» WHAT NEEDS TO BE DONE
From the records below, print only the part that opens with the line containing "Прямоугольная стеклянная форма" and closes with the line containing "- 付属品:十字穴付皿木ねじ3.5×20(ステンレス鋼)"; omit the pictures.

::: DATA SUPPLIED

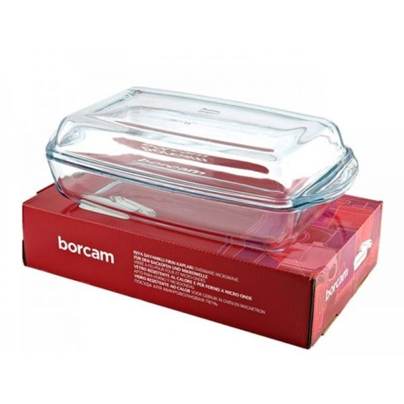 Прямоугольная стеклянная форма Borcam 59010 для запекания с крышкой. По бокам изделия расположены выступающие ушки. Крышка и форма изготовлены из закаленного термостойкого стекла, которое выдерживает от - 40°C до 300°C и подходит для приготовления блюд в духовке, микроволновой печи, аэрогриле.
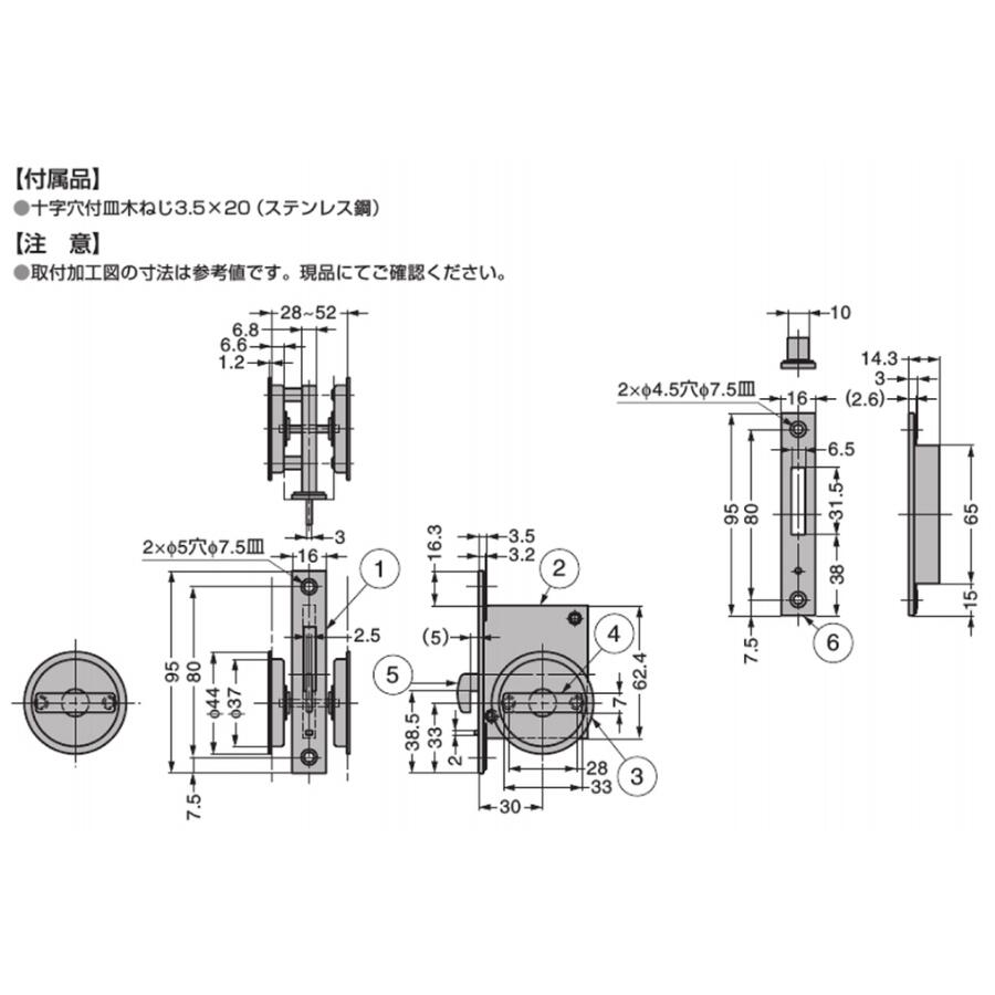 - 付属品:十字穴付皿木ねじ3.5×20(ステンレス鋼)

::::::
::: DATA SUPPLIED

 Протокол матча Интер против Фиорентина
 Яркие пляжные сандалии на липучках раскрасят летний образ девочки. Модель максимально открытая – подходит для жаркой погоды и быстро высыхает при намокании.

::::::
::: DATA SUPPLIED

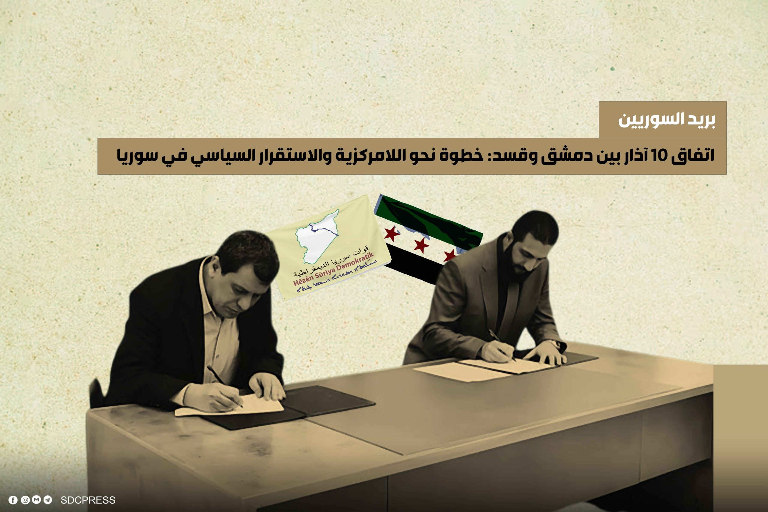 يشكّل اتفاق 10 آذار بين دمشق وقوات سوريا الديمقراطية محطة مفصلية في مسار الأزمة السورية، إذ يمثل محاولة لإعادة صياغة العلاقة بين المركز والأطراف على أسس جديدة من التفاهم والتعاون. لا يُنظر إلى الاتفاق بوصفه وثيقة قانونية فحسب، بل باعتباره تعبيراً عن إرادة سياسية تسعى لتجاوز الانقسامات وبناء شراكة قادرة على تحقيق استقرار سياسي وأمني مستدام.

::::::

» EXERCISE RESULT
 Прямоугольная стеклянная форма Borcam 59010 для запекания с крышкой. По бокам изделия расположены выступающие ушки. Крышка и форма изготовлены из закаленного термостойкого стекла, которое выдерживает от - 40°C до 300°C и подходит для приготовления блюд в духовке, микроволновой печи, аэрогриле.
 - 付属品:十字穴付皿木ねじ3.5×20(ステンレス鋼)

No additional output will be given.